Fungal culture filtrate
Separate culture flasks containing 500 mL of Sabouraud broth (Oxoid, UK) were inoculated by each fungal species isolate individually. The flasks were incubated in static incubator for 7 days at 28 °C, after which the fungal biomass was collected by filtration through Whatman filter paper No. 1 and washed with sterile distilled water to remove excess medium. The fungal biomasses were weighed, and 0.5 g were added to distilled water (10 mL) and incubated at 28 °C for 72 h. Finally, the biomass was separated from the filtrate by filtration. The aqueous filtrate containing the fungal metabolites was kept for further usage in the refrigerator at 4 °C35.
Myco-synthesis of AgNPs
For the biosynthesis of AgNPs, 1 mM AgNO3 was added to fungal aqueous filtrate at a ratio 1:1 and then boiled for 30 min. This mixture was incubated under natural sun light at 25 °C for 24 h, till a dark brown color was formed. The nanoparticles were separated by centrifugation of the mixture at 14,000 rpm for 15 min, then dried by dropping the precipitate on petri dishes at room temperature and kept for further analysis36.

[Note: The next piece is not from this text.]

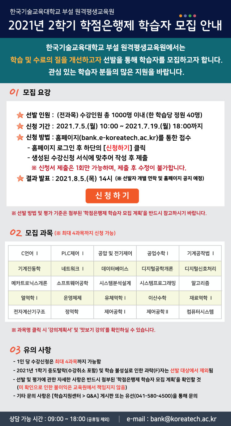 오늘은 D-day였다. 바로 한국기술교육대학교 원격평생교육원(이하: 한기대)의 학습자 신청 결과가 나오는 날이다! 플래너 없이 혼자 학점은행 6편: 한국기술교육대학교 원격평생교육원 무료 강의

Characterization of myco-synthesized AgNPs
AgNPs was re-dispersed in 1 mL of distilled water for chracterization. A UV–visible spectrophotometer (BIOCHROM Libra S60PC, England) was used in the range of 200–600 nm for measuring the absorbance of the AgNPs with the fungal aqueous filtrate was used as blank, as described before35. The morphology, average diameter and distribution were estimated by transmission electron microscopy, TEM (JEM-1011, JEOL, Tokyo, Japan) at 80 kV voltage. The pattern of the size distribution (size and poly dispersed index, PDI) and zeta potential were assessed by a dynamic light scattering (DLS) system by a Zetasizer (NANO ZSP, Malvern Instruments Ltd., SerialNumber: MAL1118778, version 7.11, Malvern, UK). For surface analysis of the synthesized NPs, a scanning electron microscope, SEM (JED-2200 series, JEOL) provided by energy-dispersive X-ray spectroscopy (EDX) was used to confirm the presence of elemental silver, as previously described37. Functional groups of fungal aqueous filtrates responsible for AgNO3 reduction were estimated with Fourier transform infrared (FT-IR) spectroscopy (SPECTRUM100, Perkin-Elmer, Wellesley, MA, USA) with a range 450–3500 cm−1, as detailed earlier38.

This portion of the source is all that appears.